_EXERCISE_. Leave out the pictures, and copy exactly the lines from the line with "Power consumption levels" through the last line of the data below.

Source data
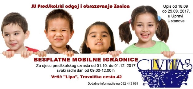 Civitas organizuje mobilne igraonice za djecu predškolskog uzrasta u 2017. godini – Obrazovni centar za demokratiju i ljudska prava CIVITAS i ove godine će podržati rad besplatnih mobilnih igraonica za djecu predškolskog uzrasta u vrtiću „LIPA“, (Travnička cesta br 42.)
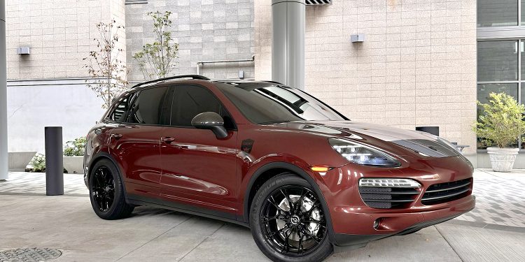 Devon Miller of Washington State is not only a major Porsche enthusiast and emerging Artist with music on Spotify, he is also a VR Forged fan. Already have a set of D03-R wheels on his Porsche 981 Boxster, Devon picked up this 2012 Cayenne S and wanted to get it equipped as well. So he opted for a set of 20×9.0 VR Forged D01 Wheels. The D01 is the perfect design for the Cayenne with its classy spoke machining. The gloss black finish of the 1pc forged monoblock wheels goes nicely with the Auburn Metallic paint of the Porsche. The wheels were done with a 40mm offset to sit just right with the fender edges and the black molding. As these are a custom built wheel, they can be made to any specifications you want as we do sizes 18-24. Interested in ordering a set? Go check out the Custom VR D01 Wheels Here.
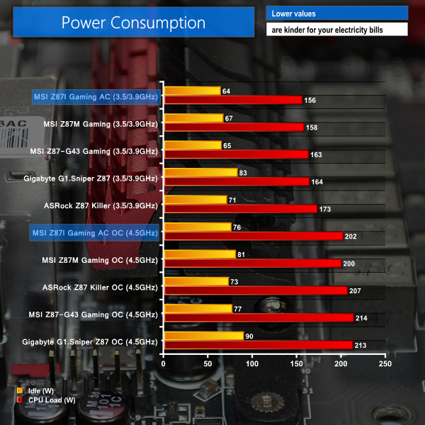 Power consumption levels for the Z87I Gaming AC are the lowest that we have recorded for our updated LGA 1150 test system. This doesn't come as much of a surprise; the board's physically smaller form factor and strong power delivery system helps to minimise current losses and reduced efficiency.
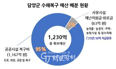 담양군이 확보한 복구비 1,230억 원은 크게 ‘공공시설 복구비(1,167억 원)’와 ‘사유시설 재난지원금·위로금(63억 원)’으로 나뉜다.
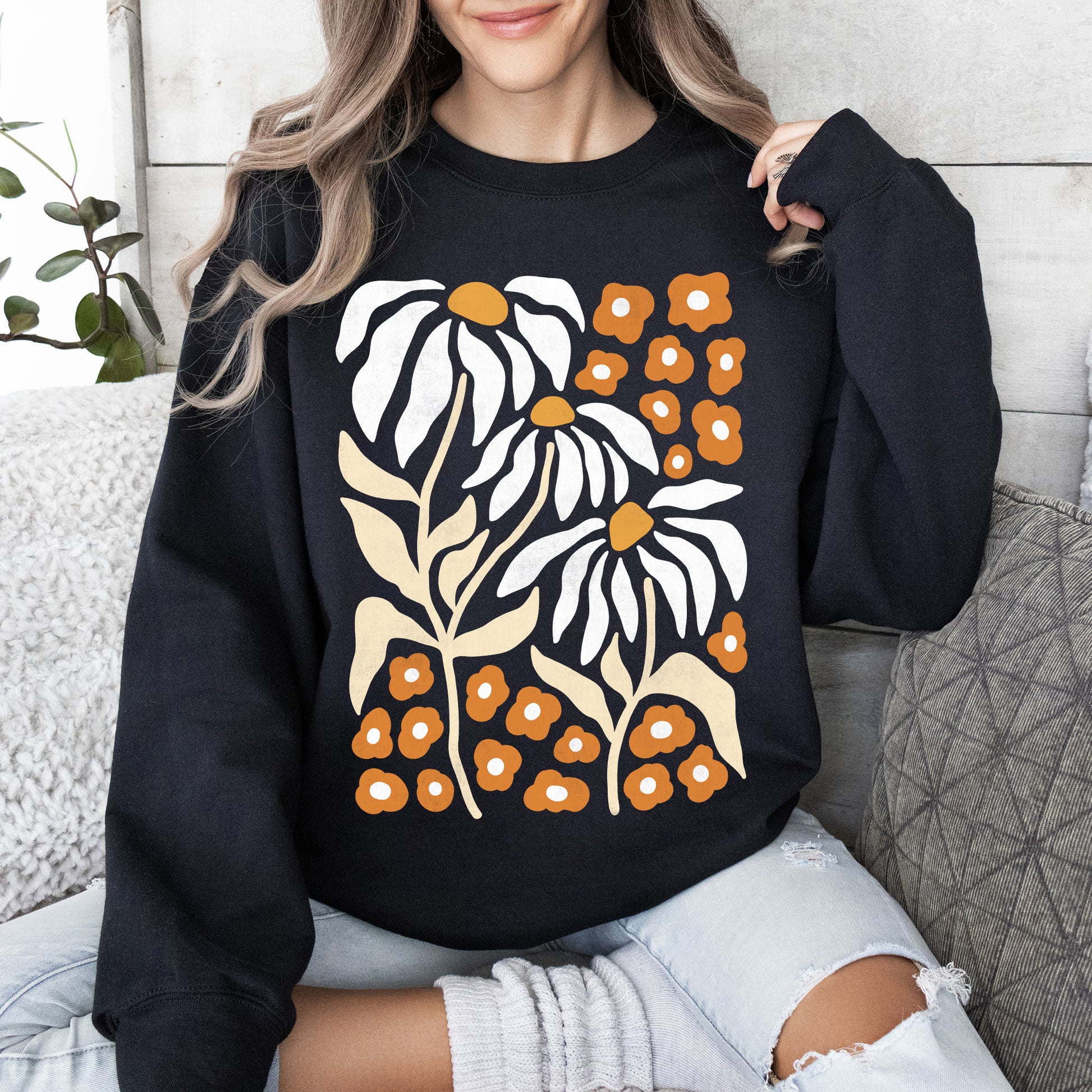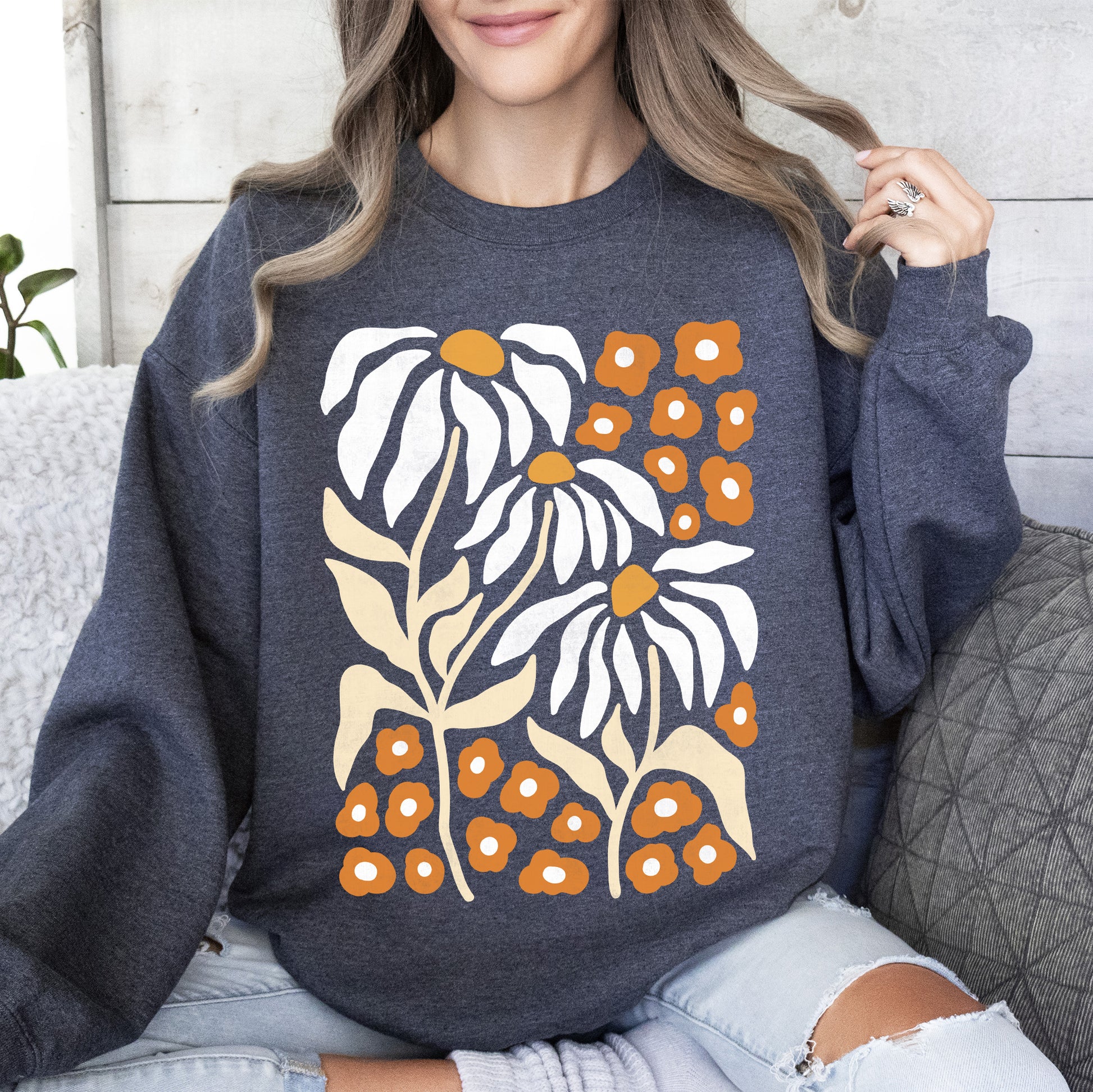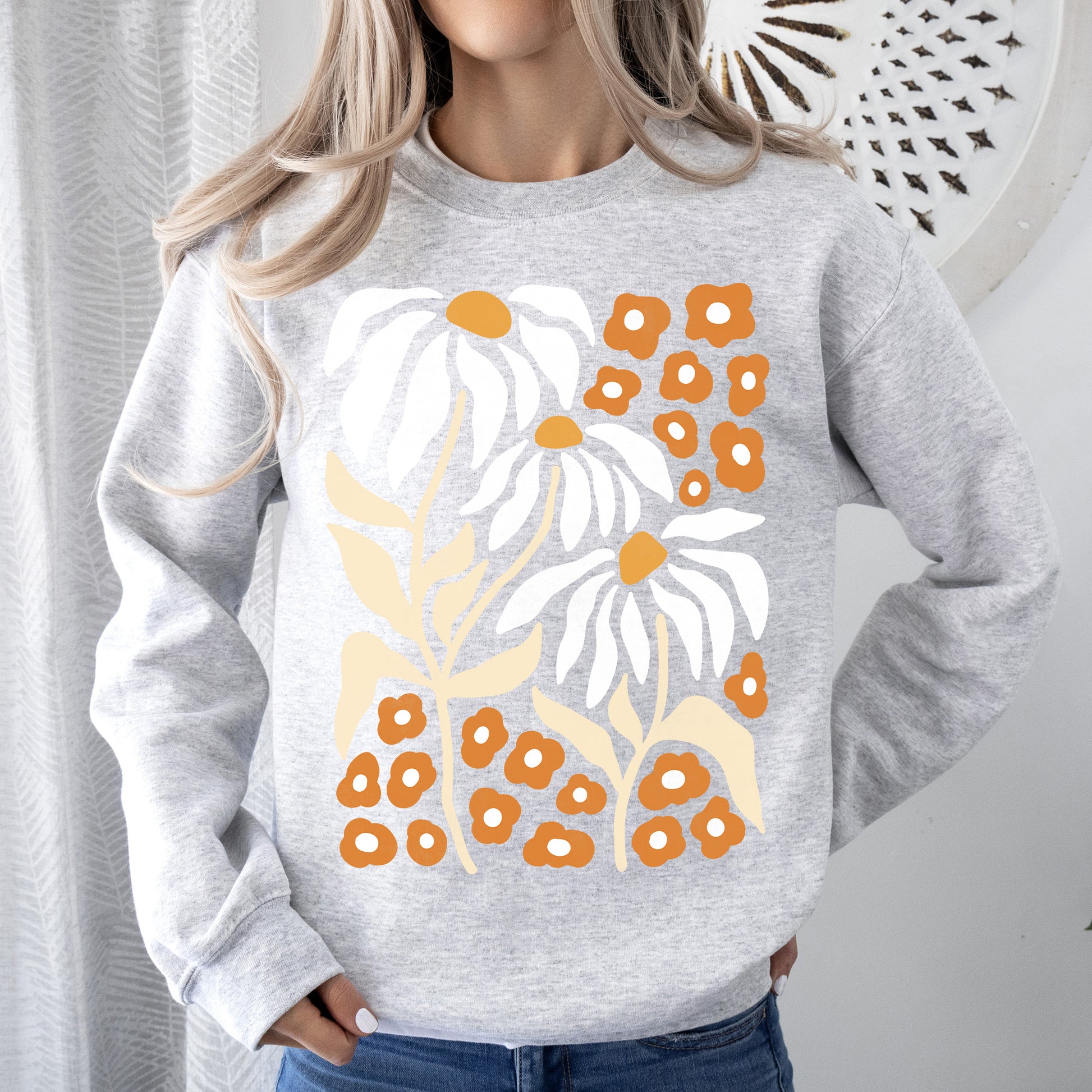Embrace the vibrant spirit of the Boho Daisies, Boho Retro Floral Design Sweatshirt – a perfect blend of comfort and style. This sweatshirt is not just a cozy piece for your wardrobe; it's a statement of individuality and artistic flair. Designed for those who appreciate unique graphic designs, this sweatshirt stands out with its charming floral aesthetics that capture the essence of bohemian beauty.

_WRITTEN RESPONSE_.
 Power consumption levels for the Z87I Gaming AC are the lowest that we have recorded for our updated LGA 1150 test system. This doesn't come as much of a surprise; the board's physically smaller form factor and strong power delivery system helps to minimise current losses and reduced efficiency.
 담양군이 확보한 복구비 1,230억 원은 크게 ‘공공시설 복구비(1,167억 원)’와 ‘사유시설 재난지원금·위로금(63억 원)’으로 나뉜다.
Embrace the vibrant spirit of the Boho Daisies, Boho Retro Floral Design Sweatshirt – a perfect blend of comfort and style. This sweatshirt is not just a cozy piece for your wardrobe; it's a statement of individuality and artistic flair. Designed for those who appreciate unique graphic designs, this sweatshirt stands out with its charming floral aesthetics that capture the essence of bohemian beauty.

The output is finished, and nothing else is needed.